Baidu CEO Robin Li expressed disinterest in acquiring US search portal Yahoo at the IT Leadership Summit in China. IT Leadership Summit panel moderator, Wu Ying posited that since Baidu’s market value (US$ 39 billion) is double Yahoo’s value (US$ 18.7 billion), buying out the stagnant Internet portal would be relatively easy. Wu also pointed out that Baidu would own 40% of Alibaba (held by Yahoo), and put pressure on Tencent. Li flat out rejected the idea.
I don’t think about killing off my rivals everyday. And I don’t think Ma Huateng (Tencent CEO ) or Jack Ma (Alibaba CEO) are my biggest rivals. I’m thinking about how to make Baidu bigger and better.
Li wants Baidu to focus on search and remain neutral in the search space while at the same time generating results. It is reported Li wants to steer Baidu into the mobile and social market space. This February, the company signed an agreement with The Institute for Infocomm Research (I2R) — a research institute of the Agency for Science and Technology Research (A*STAR), to establish a research and development laboratory called the Baidu-I2R Research Centre (BIRC) at the Fusionopolis in Singapore. Baidu also expanded operations in southern China last January.

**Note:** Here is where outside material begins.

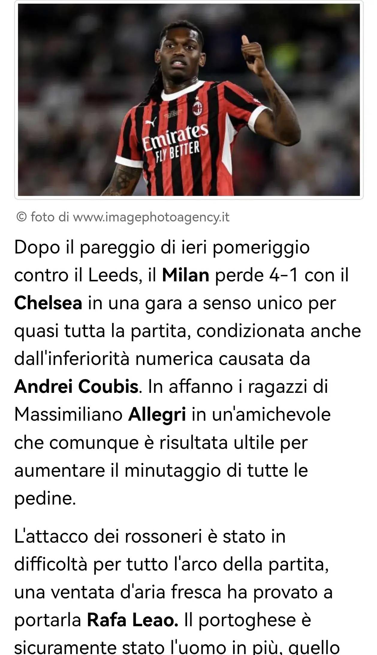 在昨天下午与利兹联战平后,米兰在对阵切尔西的友谊赛中以1-4落败,整场比赛几乎呈现一边倒态势,安德烈·库比斯吃到红牌导致球队人数处于劣势也是重要原因之一。马西米利亚诺·阿莱格里的弟子们在比赛中陷入困境,但这场友谊赛仍起到了增加球员出场时间的作用。

Baidu’s stocks soared today when news hit about its partnership with Apple, where the Cupertino giant will use Baidu’s online search engine in all products running iOS, starting in April. The stock hit US$ 149.76, its biggest one-day advance over the past couple of months.
Alibaba and Yahoo are deep in negotiations over the buyback of stocks from Yahoo, which has owned 40% since 2005. It is estimated that Yahoo’s holdings in Alibaba comes to $14 billion. Alibaba wants to buy back 25% of the shares for roughly US$ 9 billion (US$ 6 billion in cash and US$ 3 billion worth of shares in one of Alibaba’s operating assets).
Li’s zen-like approach to business and competition gives him the edge in a dog eat dog industry, just for the sake of the bottom line. Baidu’s buyout of Yahoo would certainly have given the aging Web pioneer a boost — at a time when Yahoo is scrambling to retain its long-forgotten dominance of the Internet.